Pictures excluded, copy all of the data below exactly.

* [PROVIDED DATA]:
'''
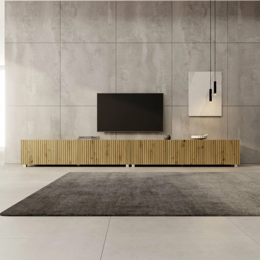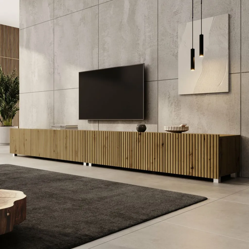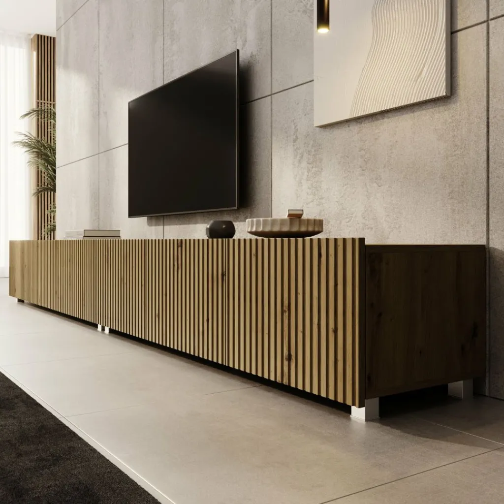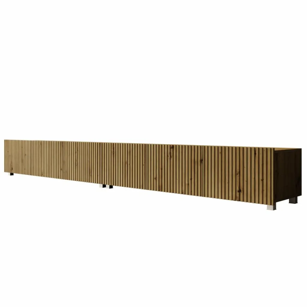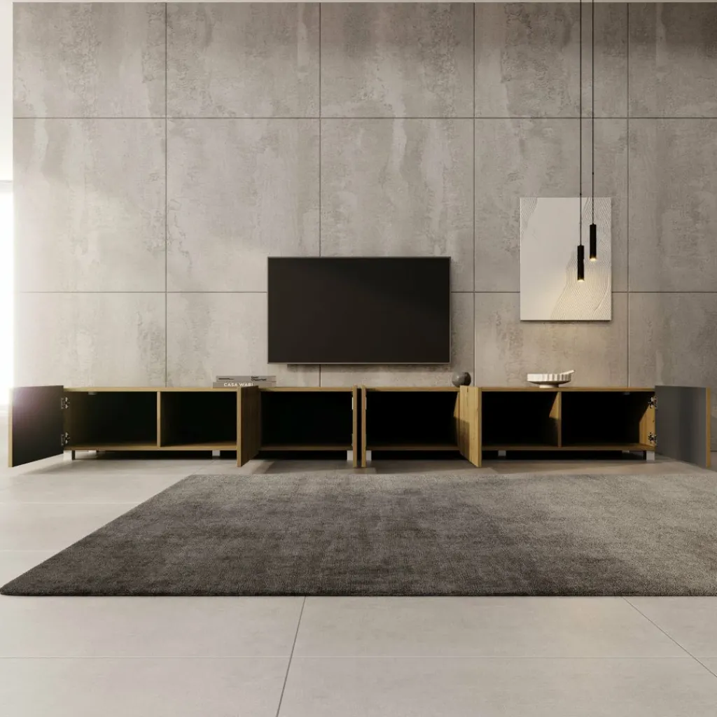 TV-Meubel Kenderes is een opbergkast voor onder de tv in moderne stijl, afgewerkt in een eikenhouten kleur. Deze TV kast bestaat uit 2 elementen van 150 cm. Ieder element beschikt over 3 deuren met daarachter 3 opbergvakken. De deuren zijn greeploos en via de boven- of onderkant te openen.
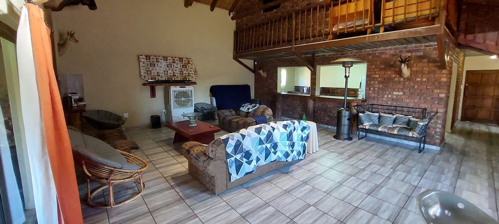 Huge living space with indoor and outdoor braai area. The outside under roof patio is very private with side panels.
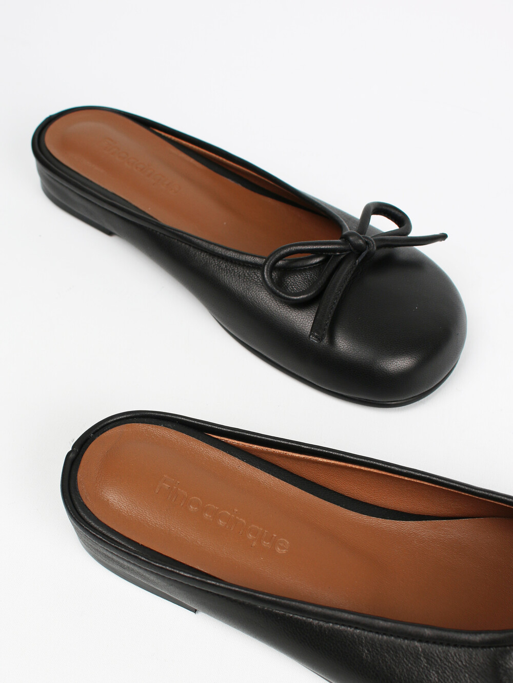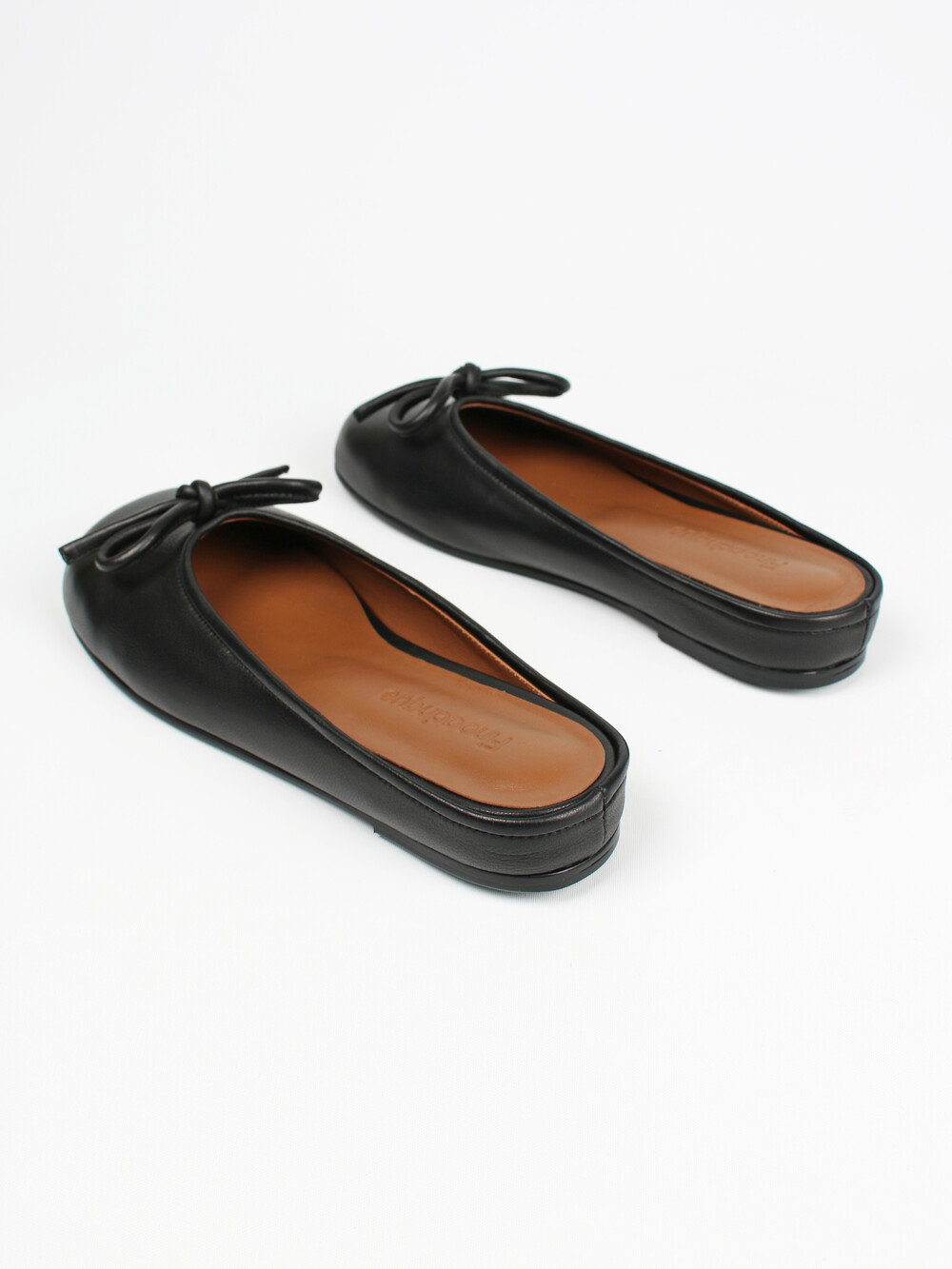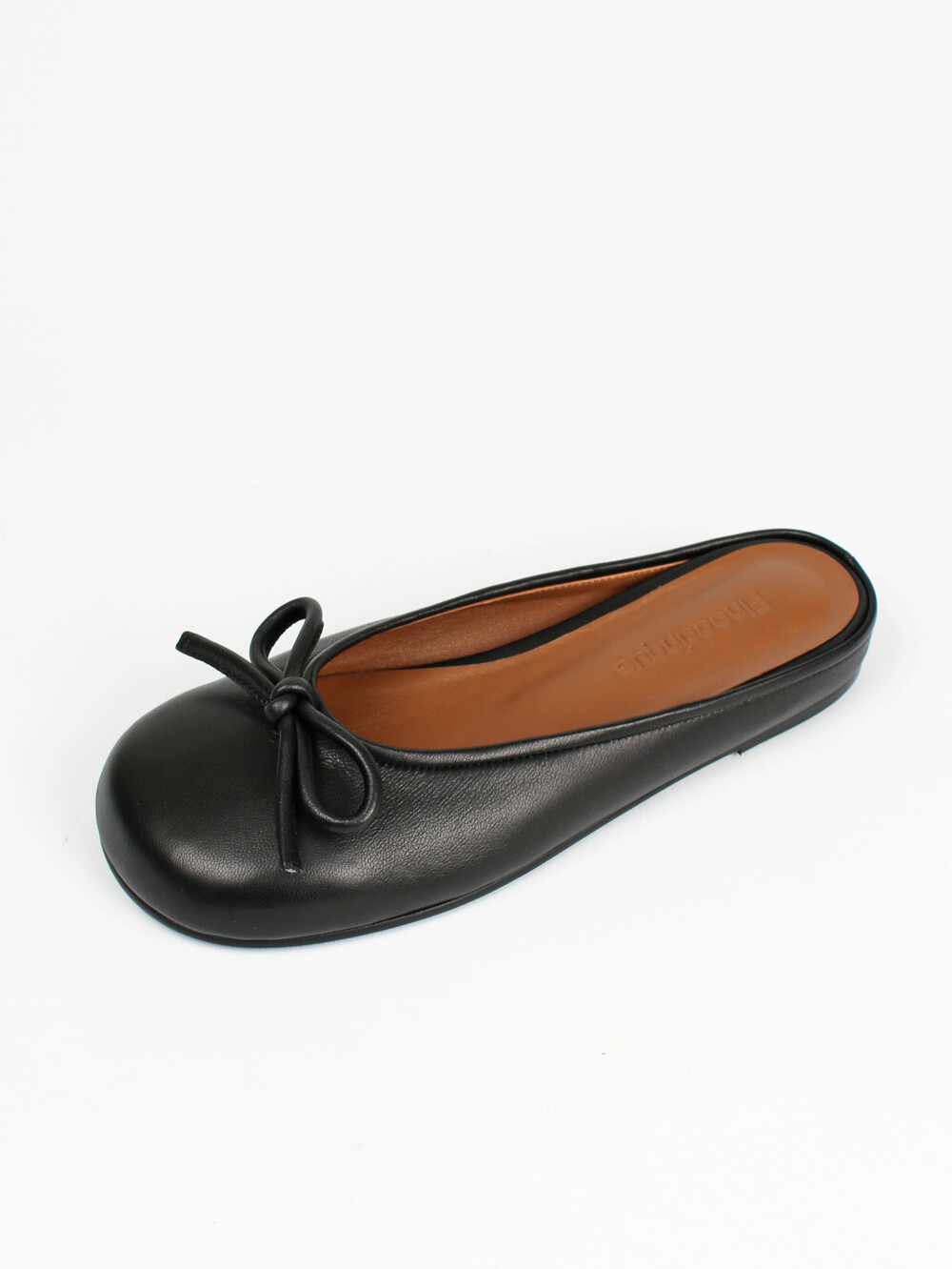 ˙ 귀여운 리본과 완만하고 유니크한 스퀘어 토가 포인트인 플랫 뮬
'''
* [PROBLEM SOLUTION]:
 TV-Meubel Kenderes is een opbergkast voor onder de tv in moderne stijl, afgewerkt in een eikenhouten kleur. Deze TV kast bestaat uit 2 elementen van 150 cm. Ieder element beschikt over 3 deuren met daarachter 3 opbergvakken. De deuren zijn greeploos en via de boven- of onderkant te openen.
 Huge living space with indoor and outdoor braai area. The outside under roof patio is very private with side panels.
 ˙ 귀여운 리본과 완만하고 유니크한 스퀘어 토가 포인트인 플랫 뮬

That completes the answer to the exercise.